▸ **Task requirements**
For the entries that follow, retype exactly the lines from the one containing "為幫助公司黨員干部更好地理解" to the one containing "A 9ct gold necklace", inclusive, and only those. Images stay out of the copy.
--- Data for processing ---
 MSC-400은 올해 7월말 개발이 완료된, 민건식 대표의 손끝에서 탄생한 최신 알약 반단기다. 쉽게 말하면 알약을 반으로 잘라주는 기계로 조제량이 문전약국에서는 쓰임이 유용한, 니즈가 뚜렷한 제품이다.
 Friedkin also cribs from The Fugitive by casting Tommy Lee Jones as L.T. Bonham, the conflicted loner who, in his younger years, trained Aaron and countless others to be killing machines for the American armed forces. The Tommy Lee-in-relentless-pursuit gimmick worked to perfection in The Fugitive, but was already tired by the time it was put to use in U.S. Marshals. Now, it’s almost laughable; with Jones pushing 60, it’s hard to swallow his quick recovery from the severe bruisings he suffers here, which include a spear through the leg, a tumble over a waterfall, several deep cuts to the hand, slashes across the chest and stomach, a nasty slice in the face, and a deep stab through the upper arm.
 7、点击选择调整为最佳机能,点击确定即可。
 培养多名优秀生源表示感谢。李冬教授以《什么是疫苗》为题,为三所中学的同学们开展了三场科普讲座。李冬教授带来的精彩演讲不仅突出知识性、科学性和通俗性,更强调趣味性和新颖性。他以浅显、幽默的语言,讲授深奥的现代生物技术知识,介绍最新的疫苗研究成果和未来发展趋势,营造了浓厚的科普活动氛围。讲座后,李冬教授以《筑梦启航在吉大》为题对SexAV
---
--- Data for processing ---
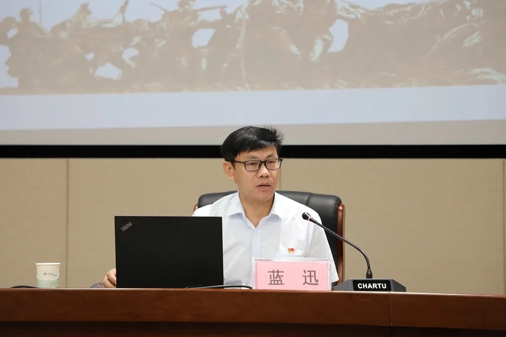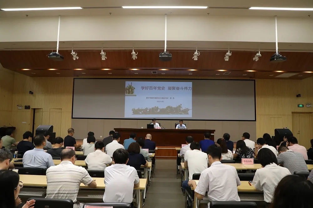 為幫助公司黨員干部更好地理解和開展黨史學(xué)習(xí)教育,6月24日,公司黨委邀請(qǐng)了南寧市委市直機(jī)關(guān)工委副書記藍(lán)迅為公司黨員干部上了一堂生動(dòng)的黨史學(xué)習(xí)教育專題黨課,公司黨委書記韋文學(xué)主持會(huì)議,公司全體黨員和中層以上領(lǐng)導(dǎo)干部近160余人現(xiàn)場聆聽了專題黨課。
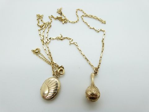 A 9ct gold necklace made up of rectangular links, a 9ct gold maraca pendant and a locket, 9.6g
---
▸ **Reply**
 為幫助公司黨員干部更好地理解和開展黨史學(xué)習(xí)教育,6月24日,公司黨委邀請(qǐng)了南寧市委市直機(jī)關(guān)工委副書記藍(lán)迅為公司黨員干部上了一堂生動(dòng)的黨史學(xué)習(xí)教育專題黨課,公司黨委書記韋文學(xué)主持會(huì)議,公司全體黨員和中層以上領(lǐng)導(dǎo)干部近160余人現(xiàn)場聆聽了專題黨課。
 A 9ct gold necklace made up of rectangular links, a 9ct gold maraca pendant and a locket, 9.6g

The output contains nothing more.